SARB raises repo rate to 7% amid rising inflation risks driven by oil and food prices
The South African Reserve Bank (SARB) has raised its main policy interest rate by 25 basis points to 7%, citing increasing inflation risks driven largely by global oil price volatility and rising food costs.The decision was announced following the Monetary Policy Committee (MPC) meeting held on Thursday, with the new rate taking effect from 29 May.
SARB Governor Lesetja Kganyago explained that geopolitical tensions in the Middle East, particularly disruptions affecting oil flows through the Strait of Hormuz, have contributed to sustained higher crude oil prices, which are fluctuating around the $100 per barrel mark.These energy pressures have led to downward revisions in global growth forecasts while pushing inflation expectations higher.
Domestically, the Reserve Bank also highlighted renewed pressure on food prices, with farmers facing increased input costs such as diesel and fertiliser.
These cost increases are expected to feed into broader inflation, raising concerns about second-round effects as higher prices begin to influence wages and inflation expectations across the economy.The SARB now projects headline inflation to average 4.4% in 2026 and ease to 3.7% in 2027, before returning to the 3% target by 2028.Core inflation is also expected to remain elevated, peaking early next year.

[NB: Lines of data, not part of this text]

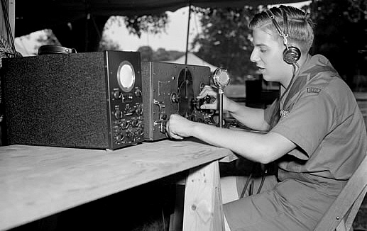 The AR-60 can be operated on batteries although it requires accessing the terminal boards in the power supply section of the receiver to move some wires and add the battery cable. An access hole for the battery cable is located next to the AC input socket. Once battery operation is set-up the receiver cannot be operated on AC unless the wiring is changed back. Some AR-60 receivers were equipped with an Output Limiter circuit. The five step OL control is mounted just to the left of the tuning dials. Output Limiters were used to allow headset listening to a signal at a desired level and to prevent the audio from being driven higher by static discharges or other noise pulses. The Output Limiter generally saved the radio operator's hearing and also helped reduce "listener fatigue." Some AR-60 versions will also be found with a pilot lamp (with green jewel) installed to the left of the tuning dials. Prior to a pilot lamp installation there wasn't a visual indication that the receiver was powered up. All pilot lamps appear to be "end user" installations but all are almost identical which implies that instructions or kits were available from RCA. The AR-60 was available as a black finished table model (suffix T), as a rack mounted unit with full dust cover (suffix R) or in a deluxe two-tone gray table cabinet (suffix S.) It appears that late in production the rack mount receivers (and the table versions) were available with gray painted panels. Note the header photo showing a Boy Scout posing with an AR-60-T version in gray with OL control and pilot lamp. Also, late in production some AR-60 receivers may have come equipped with later octal tube equivalents of the normally used large six and seven pin tubes, e.g., 6K7 for 6D6, etc. |
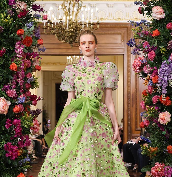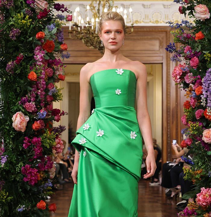 LOOK 39 Emerald Dreams: A Vibrant Green Silk Mikado Gown Adorned with Hand-Placed Draping and Exquisite Floral Embroidery
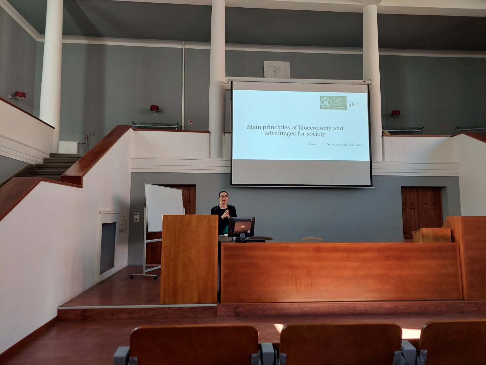 Doc. dr. Anastasija Novikova skaitė paskaitas apie bioekonomikos pagrindus ir privalumus visuomenei, sutelkusi dėmesį į aplinkos problemas. Su studentais ji pirmiausiai apžvelgė aplinkosaugos veiksmų programų istoriją nuo jų pradžios iki Europos Žaliojo kurso įgyvendinimo, aptardama pagrindinius tikslus. Taip pat studentams paaiškino Bioekonomikos strategiją, atskleisdama bioekonomikos plėtros svarbą, pagrindines bioekonomikos sąvokas iš skirtingų perspektyvų, aptarė pagrindinius bioekonomikos principus. Galiausiai studentai aktyviai dalyvavo interaktyviame žinių įvertinimo žaidime apie bioekonomiką ir aplinkos problemas, kurį studentai sėkmingai įvykdė.

Despite these inflationary pressures, the central bank acknowledged downside risks to economic growth, although it noted that South Africa’s macroeconomic fundamentals remain resilient, supported in part by a positive sovereign outlook from Moody’s.The MPC decision was not unanimous, with four members voting in favour of the hike and two preferring to keep the rate unchanged at 6.75%.
The Bank emphasised that the rate increase is aimed at anchoring inflation expectations and ensuring long-term price stability in a challenging global environment.Overall, the move reflects a cautious stance as policymakers balance persistent inflation risks against fragile economic growth conditions.